Data records -
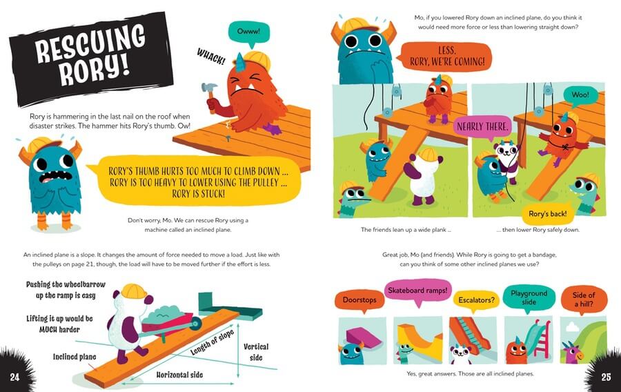 What is a machine? Kids might picture a big, complicated metal machine. But, as they learn alongside a cute blue monster named Mo, some machines are simple! Simple machines, including levers and pulleys, are highlighted in the colorful pages of this volume as readers plan, design, and build a clubhouse with Mo and friends. Illustrations of the process help readers understand simple machines and their uses, as well as other science concepts. Questions throughout the text keep readers engaged with what they are reading.
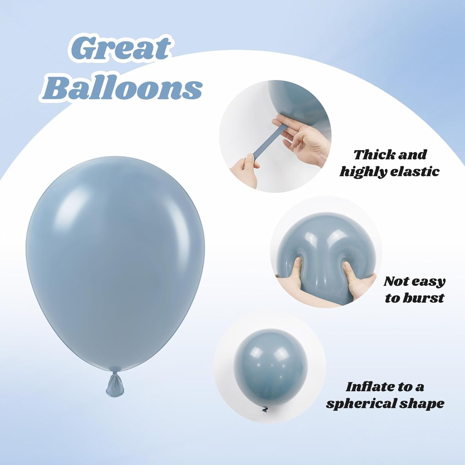 - Package Include: The blue balloons include 12inch dusty blue balloonsx20, 12inch pastel blue balloonsx15, 12inch sand white balloonsx15, 10inch metallic gold balloonsx10, glue dotx20, blue ribbonx1
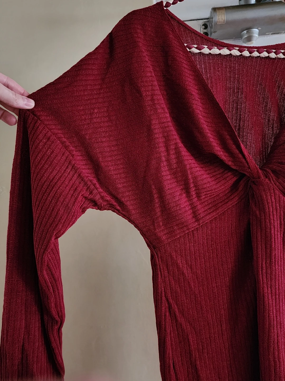 Beautiful Twist Back Burgundy Long Sleeve Rib Knit Dress * NEW
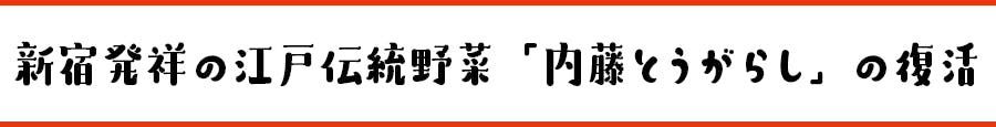 新宿発祥に江戸伝統野菜「内藤とうがらし」があります。この「内藤とうがらし」は、江戸時代、新宿一帯が一大産地でした。しかし、明治になり、都市化されたことにより、内藤とうがらしの存在が徐々に薄れ、絶滅してしまいました。
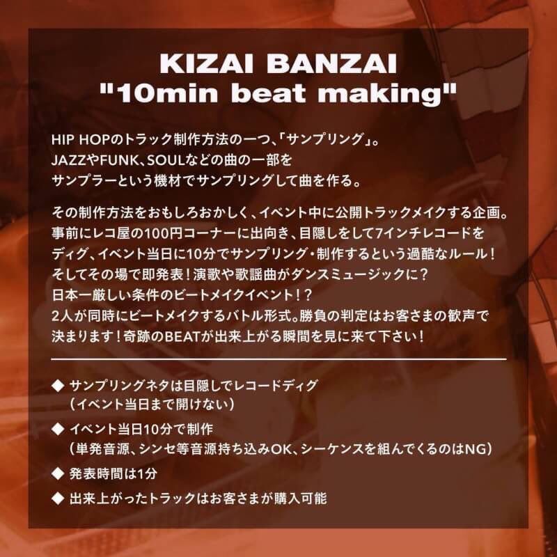 AKAIのサンプラーマシン「MPC」を始め、様々な機材や楽器を持ち込んで10分の間に即興でビートメイキングをする企画を行うなど、巷で話題になっているパーティー「機材バンザイ」。
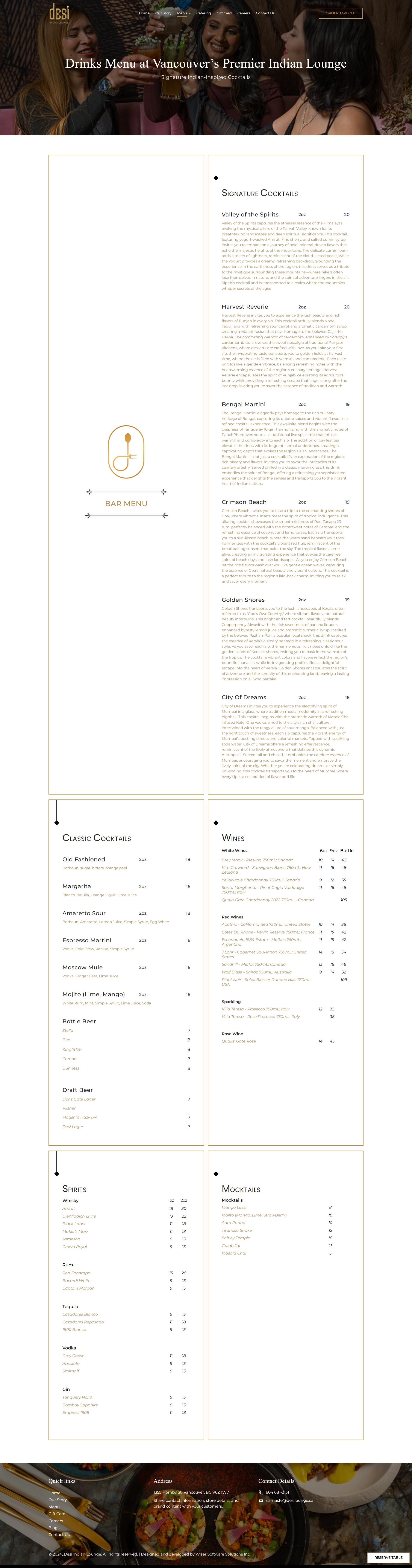 Discover Vancouver’s top Indian lounge and cocktail bar serving handcrafted Indian-inspired drinks, premium whiskies, wines, craft beers, and mocktails. From Bengal Martini to masala chai vodka cocktails, enjoy bold flavors and a luxury bar experience in Vancouver.

Problem -
Every line from the one containing "Beautiful Twist Back" through the end of the records is to be returned exactly, and those lines alone; pictures are dropped.

Written reply -
 Beautiful Twist Back Burgundy Long Sleeve Rib Knit Dress * NEW
 新宿発祥に江戸伝統野菜「内藤とうがらし」があります。この「内藤とうがらし」は、江戸時代、新宿一帯が一大産地でした。しかし、明治になり、都市化されたことにより、内藤とうがらしの存在が徐々に薄れ、絶滅してしまいました。
 AKAIのサンプラーマシン「MPC」を始め、様々な機材や楽器を持ち込んで10分の間に即興でビートメイキングをする企画を行うなど、巷で話題になっているパーティー「機材バンザイ」。
 Discover Vancouver’s top Indian lounge and cocktail bar serving handcrafted Indian-inspired drinks, premium whiskies, wines, craft beers, and mocktails. From Bengal Martini to masala chai vodka cocktails, enjoy bold flavors and a luxury bar experience in Vancouver.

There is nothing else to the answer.